[Try it] Take the entries below and reproduce exactly the portion that begins at the line containing "и вколотил сверху." and ends at the line containing "当地时间9月23日,出席联合", keeping both ends, dropping pictures, and adding nothing else.

[Dataset]
*** Begin section ***

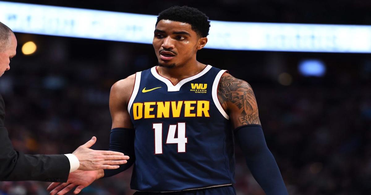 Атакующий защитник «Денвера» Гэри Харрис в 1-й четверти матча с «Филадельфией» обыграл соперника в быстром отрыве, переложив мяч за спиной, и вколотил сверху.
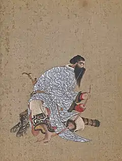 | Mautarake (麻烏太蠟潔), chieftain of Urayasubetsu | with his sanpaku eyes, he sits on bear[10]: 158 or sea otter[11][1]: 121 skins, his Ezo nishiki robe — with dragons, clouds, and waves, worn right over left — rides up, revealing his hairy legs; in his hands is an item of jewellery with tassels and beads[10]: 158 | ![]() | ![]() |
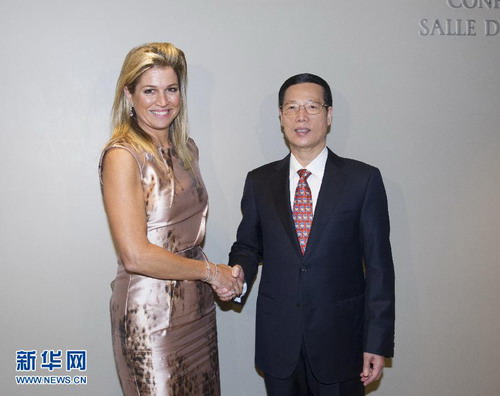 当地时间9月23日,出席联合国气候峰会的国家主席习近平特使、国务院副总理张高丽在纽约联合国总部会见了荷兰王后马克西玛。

*** End section ***
*** Begin section ***

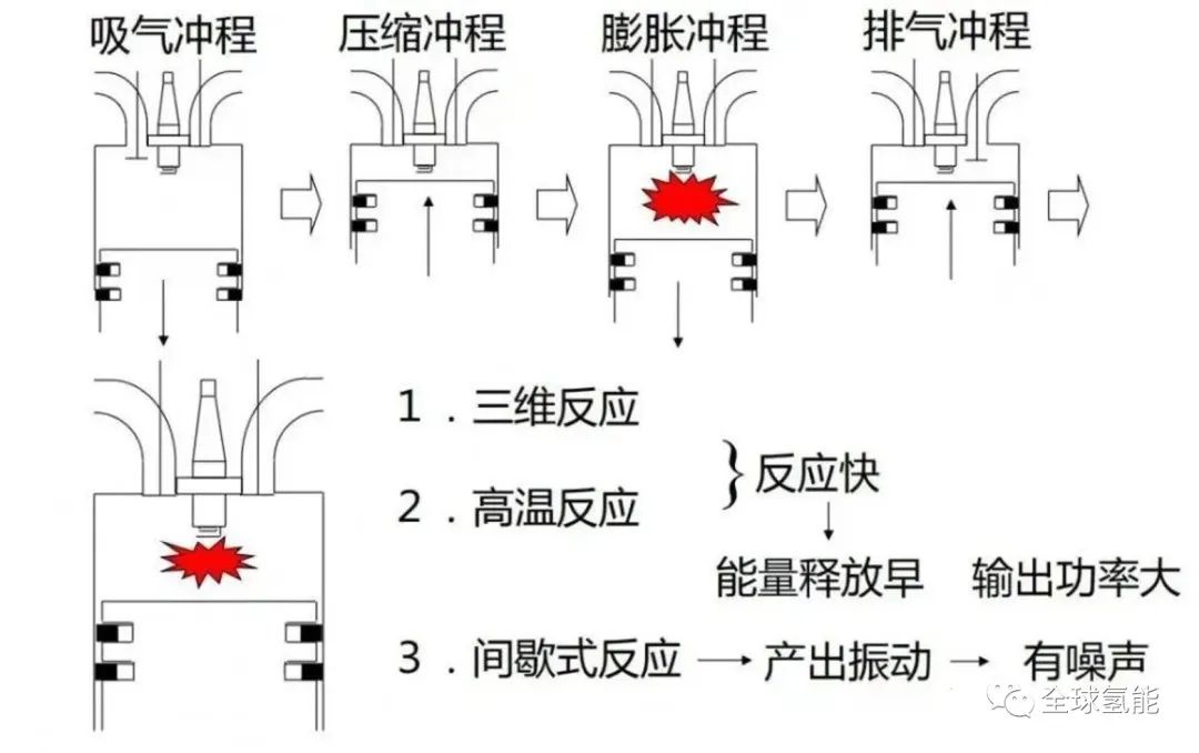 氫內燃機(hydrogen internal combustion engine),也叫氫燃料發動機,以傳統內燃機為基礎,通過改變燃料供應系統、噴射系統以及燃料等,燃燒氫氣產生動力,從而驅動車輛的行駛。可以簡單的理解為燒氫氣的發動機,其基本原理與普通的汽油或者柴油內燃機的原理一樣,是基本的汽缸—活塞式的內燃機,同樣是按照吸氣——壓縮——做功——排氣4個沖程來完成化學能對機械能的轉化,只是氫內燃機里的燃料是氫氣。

*** End section ***

[Response for this exercise]
 Атакующий защитник «Денвера» Гэри Харрис в 1-й четверти матча с «Филадельфией» обыграл соперника в быстром отрыве, переложив мяч за спиной, и вколотил сверху.
 | Mautarake (麻烏太蠟潔), chieftain of Urayasubetsu | with his sanpaku eyes, he sits on bear[10]: 158 or sea otter[11][1]: 121 skins, his Ezo nishiki robe — with dragons, clouds, and waves, worn right over left — rides up, revealing his hairy legs; in his hands is an item of jewellery with tassels and beads[10]: 158 | ![]() | ![]() |
 当地时间9月23日,出席联合国气候峰会的国家主席习近平特使、国务院副总理张高丽在纽约联合国总部会见了荷兰王后马克西玛。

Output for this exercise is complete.